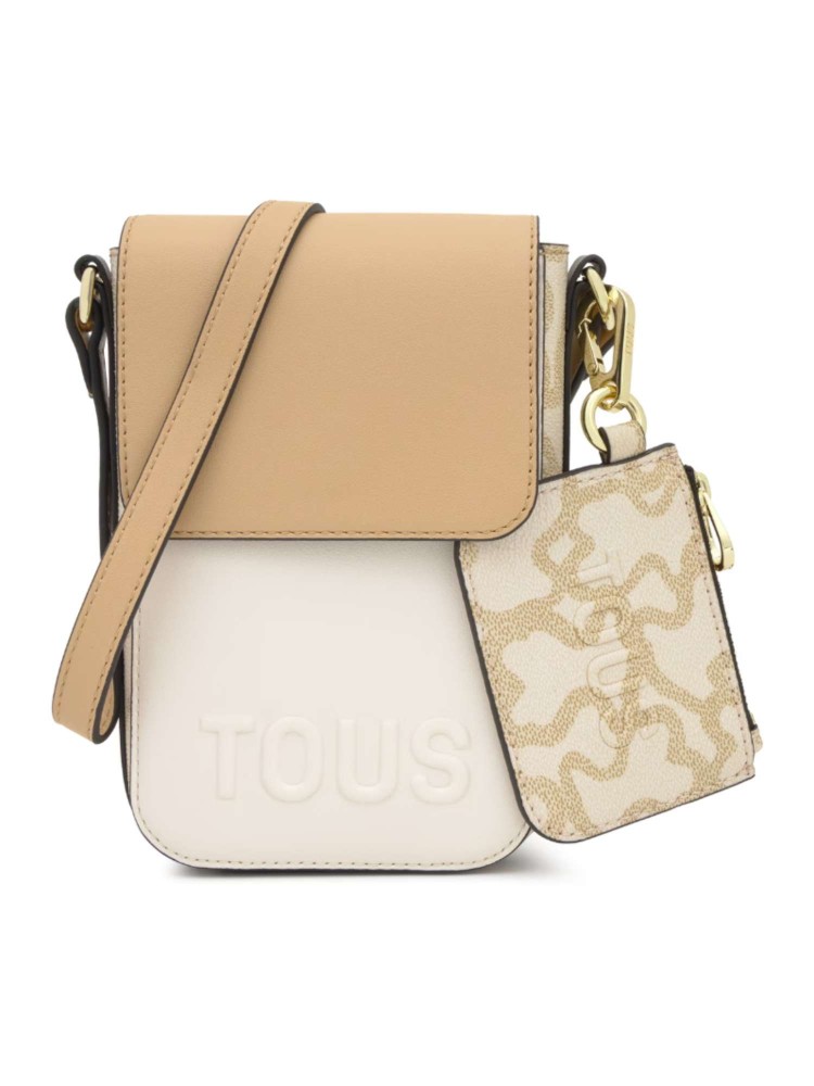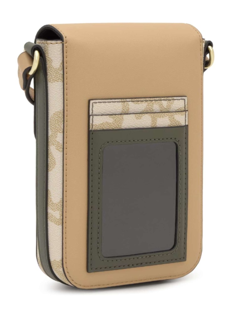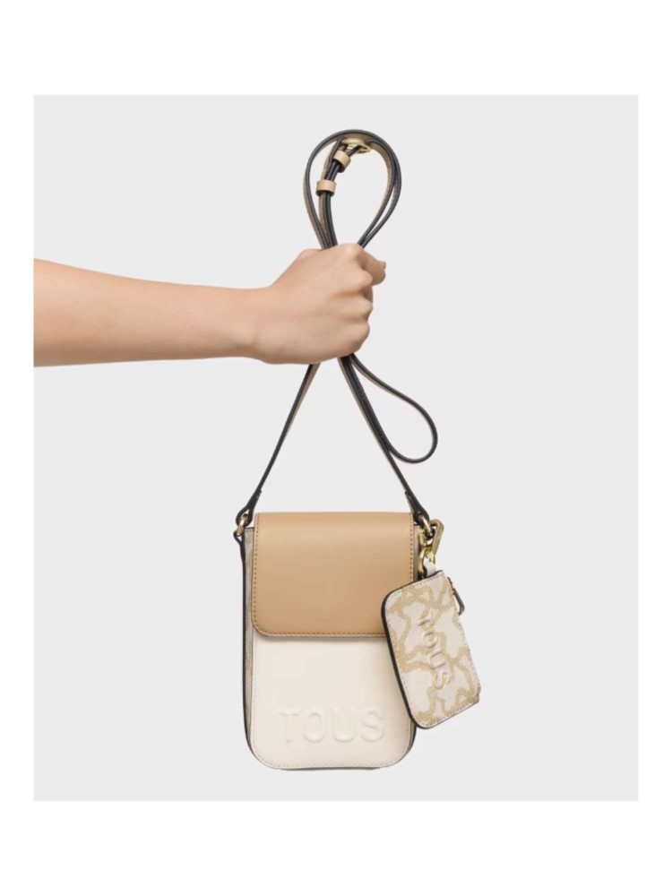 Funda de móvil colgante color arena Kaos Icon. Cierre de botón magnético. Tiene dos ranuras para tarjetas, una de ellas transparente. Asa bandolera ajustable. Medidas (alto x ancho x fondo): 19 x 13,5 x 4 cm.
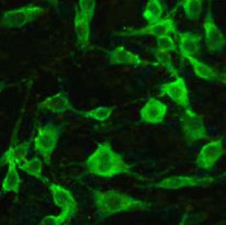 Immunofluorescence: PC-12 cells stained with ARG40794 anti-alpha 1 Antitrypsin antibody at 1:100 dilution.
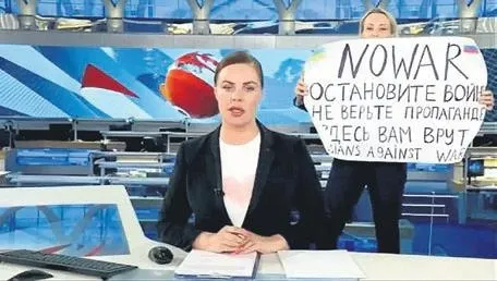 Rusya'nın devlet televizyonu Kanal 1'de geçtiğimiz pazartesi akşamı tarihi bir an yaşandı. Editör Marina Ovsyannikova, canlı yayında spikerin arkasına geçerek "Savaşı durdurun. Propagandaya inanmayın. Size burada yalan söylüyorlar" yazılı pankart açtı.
• • • • •
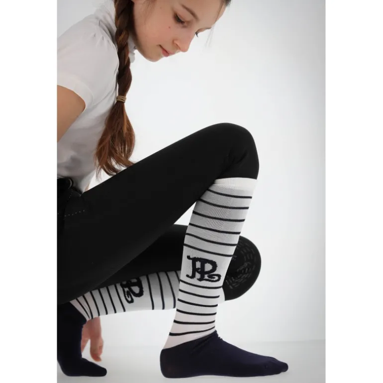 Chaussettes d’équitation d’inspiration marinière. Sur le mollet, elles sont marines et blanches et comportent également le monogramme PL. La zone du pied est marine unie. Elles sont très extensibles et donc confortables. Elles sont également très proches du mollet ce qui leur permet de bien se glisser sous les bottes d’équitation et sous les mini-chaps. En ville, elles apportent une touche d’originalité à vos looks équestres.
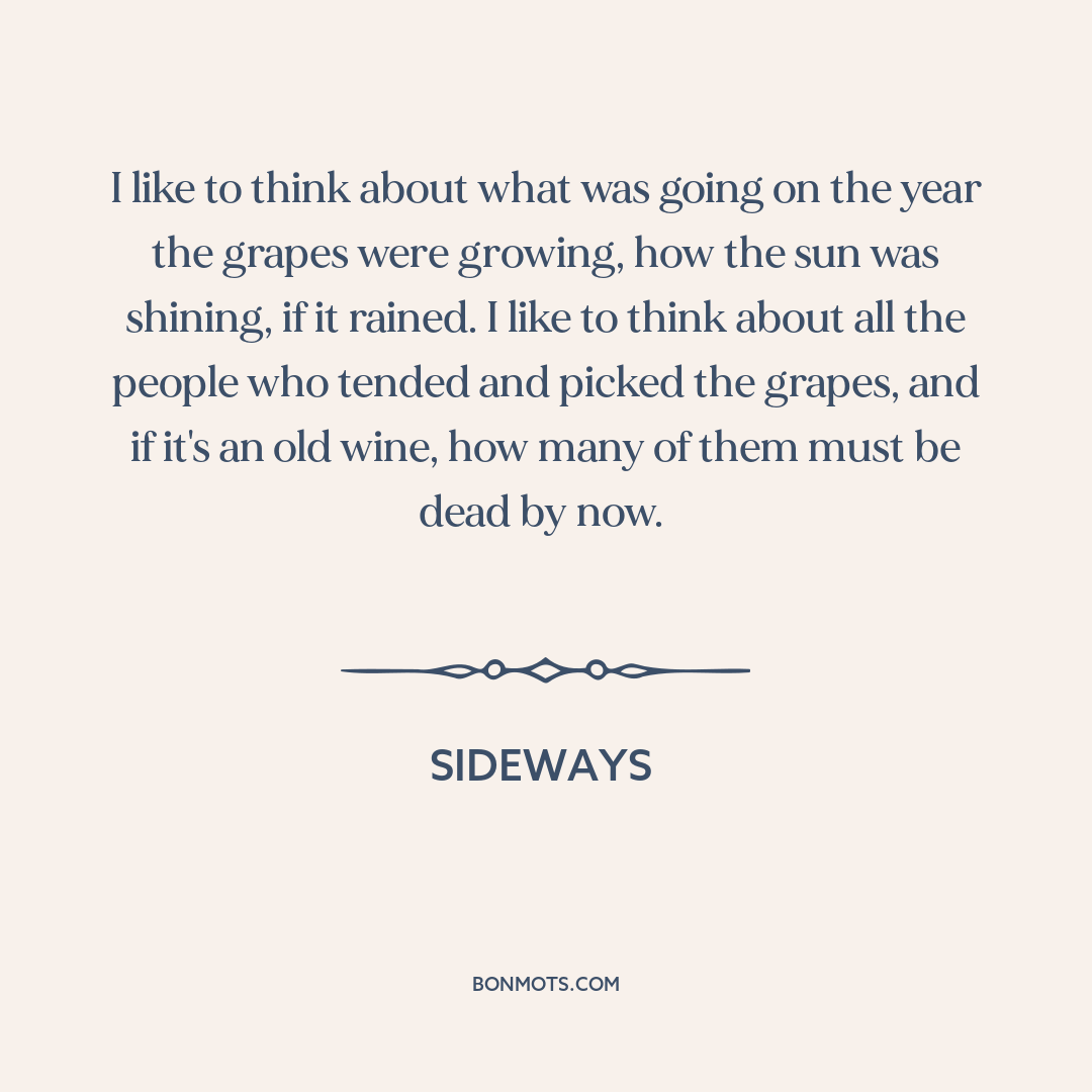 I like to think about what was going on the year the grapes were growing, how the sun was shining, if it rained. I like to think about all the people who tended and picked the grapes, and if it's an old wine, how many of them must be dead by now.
• • • • •
■ Task ■
Leave the pictures out. Output, exactly, the lines of the material above starting at the line containing "Funda de móvil" and ending at the line containing "Rusya'nın devlet televizyonu".

■ Answer to this problem ■
 Funda de móvil colgante color arena Kaos Icon. Cierre de botón magnético. Tiene dos ranuras para tarjetas, una de ellas transparente. Asa bandolera ajustable. Medidas (alto x ancho x fondo): 19 x 13,5 x 4 cm.
 Immunofluorescence: PC-12 cells stained with ARG40794 anti-alpha 1 Antitrypsin antibody at 1:100 dilution.
 Rusya'nın devlet televizyonu Kanal 1'de geçtiğimiz pazartesi akşamı tarihi bir an yaşandı. Editör Marina Ovsyannikova, canlı yayında spikerin arkasına geçerek "Savaşı durdurun. Propagandaya inanmayın. Size burada yalan söylüyorlar" yazılı pankart açtı.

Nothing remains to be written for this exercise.